- Work instructions
Print every line from the start of the data, and when you reach the line with "湧き水の中にある苔むした岩は", include it and stop. Pictures are not part of the copy.

- Given data
- Opening Delimiter -

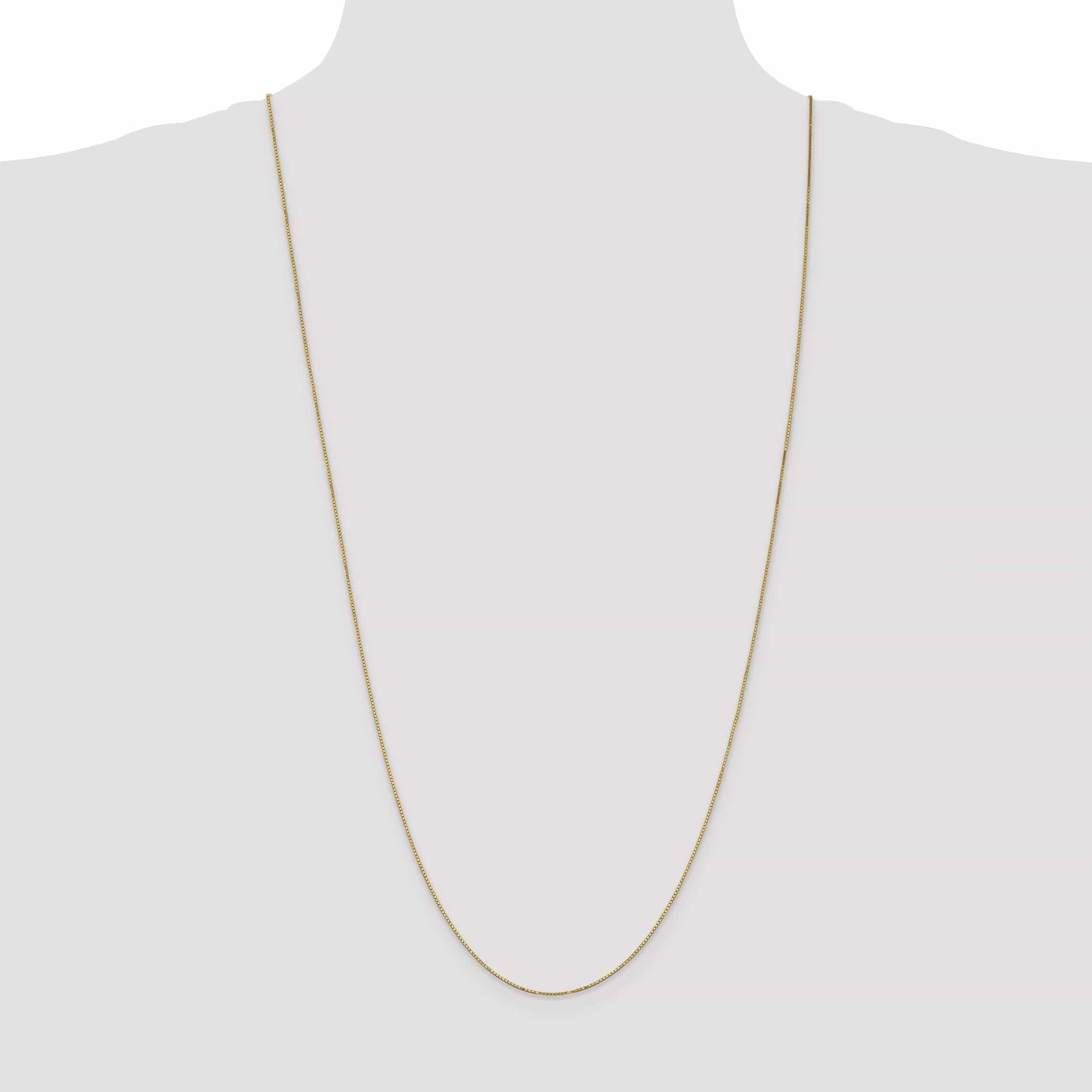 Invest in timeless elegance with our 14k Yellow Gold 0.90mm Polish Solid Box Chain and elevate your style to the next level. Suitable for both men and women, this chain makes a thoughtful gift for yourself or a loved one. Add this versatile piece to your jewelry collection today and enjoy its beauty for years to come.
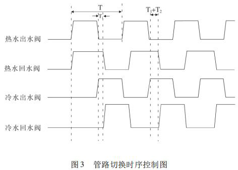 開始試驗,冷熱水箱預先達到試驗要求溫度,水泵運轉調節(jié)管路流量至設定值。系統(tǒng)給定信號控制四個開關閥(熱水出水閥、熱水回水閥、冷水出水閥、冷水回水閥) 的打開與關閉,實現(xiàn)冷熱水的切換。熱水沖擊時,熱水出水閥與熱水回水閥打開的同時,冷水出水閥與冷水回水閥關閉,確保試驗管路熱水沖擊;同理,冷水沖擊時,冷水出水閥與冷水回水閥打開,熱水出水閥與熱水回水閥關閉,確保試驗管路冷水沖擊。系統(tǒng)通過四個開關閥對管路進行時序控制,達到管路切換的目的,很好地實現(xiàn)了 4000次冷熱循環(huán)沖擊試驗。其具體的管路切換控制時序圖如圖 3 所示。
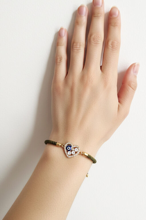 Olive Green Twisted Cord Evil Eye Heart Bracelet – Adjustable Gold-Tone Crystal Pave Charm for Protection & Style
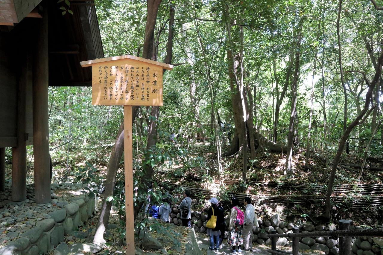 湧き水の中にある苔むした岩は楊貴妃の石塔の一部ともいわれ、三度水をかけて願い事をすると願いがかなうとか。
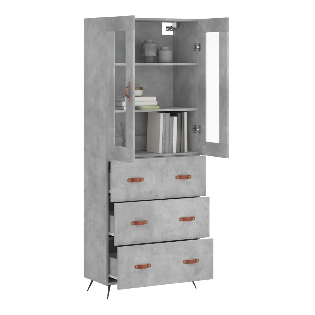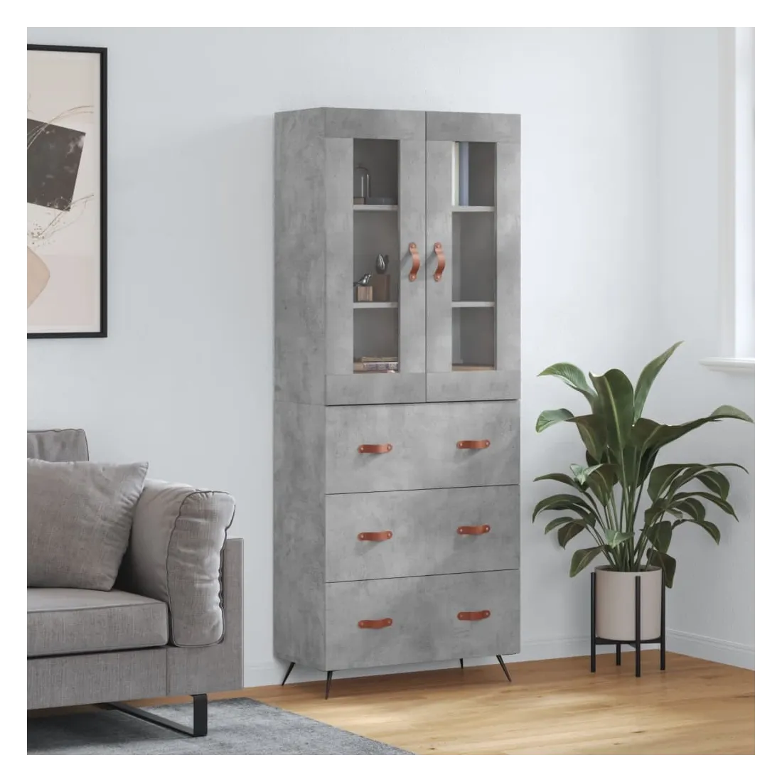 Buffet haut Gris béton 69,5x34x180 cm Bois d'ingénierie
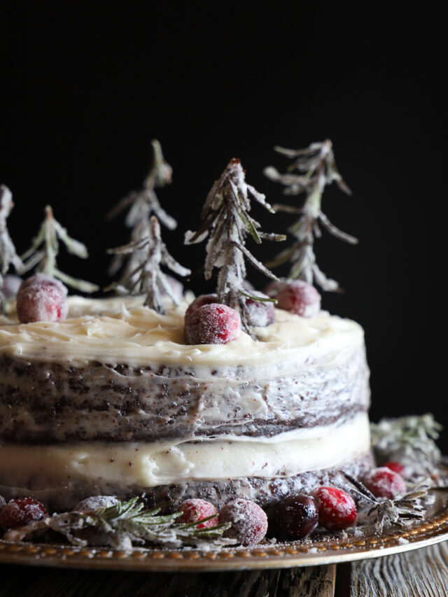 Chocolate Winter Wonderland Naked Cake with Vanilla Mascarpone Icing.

- Closing Delimiter -

- Reply to the exercise
 Invest in timeless elegance with our 14k Yellow Gold 0.90mm Polish Solid Box Chain and elevate your style to the next level. Suitable for both men and women, this chain makes a thoughtful gift for yourself or a loved one. Add this versatile piece to your jewelry collection today and enjoy its beauty for years to come.
 開始試驗,冷熱水箱預先達到試驗要求溫度,水泵運轉調節(jié)管路流量至設定值。系統(tǒng)給定信號控制四個開關閥(熱水出水閥、熱水回水閥、冷水出水閥、冷水回水閥) 的打開與關閉,實現(xiàn)冷熱水的切換。熱水沖擊時,熱水出水閥與熱水回水閥打開的同時,冷水出水閥與冷水回水閥關閉,確保試驗管路熱水沖擊;同理,冷水沖擊時,冷水出水閥與冷水回水閥打開,熱水出水閥與熱水回水閥關閉,確保試驗管路冷水沖擊。系統(tǒng)通過四個開關閥對管路進行時序控制,達到管路切換的目的,很好地實現(xiàn)了 4000次冷熱循環(huán)沖擊試驗。其具體的管路切換控制時序圖如圖 3 所示。
 Olive Green Twisted Cord Evil Eye Heart Bracelet – Adjustable Gold-Tone Crystal Pave Charm for Protection & Style
 湧き水の中にある苔むした岩は楊貴妃の石塔の一部ともいわれ、三度水をかけて願い事をすると願いがかなうとか。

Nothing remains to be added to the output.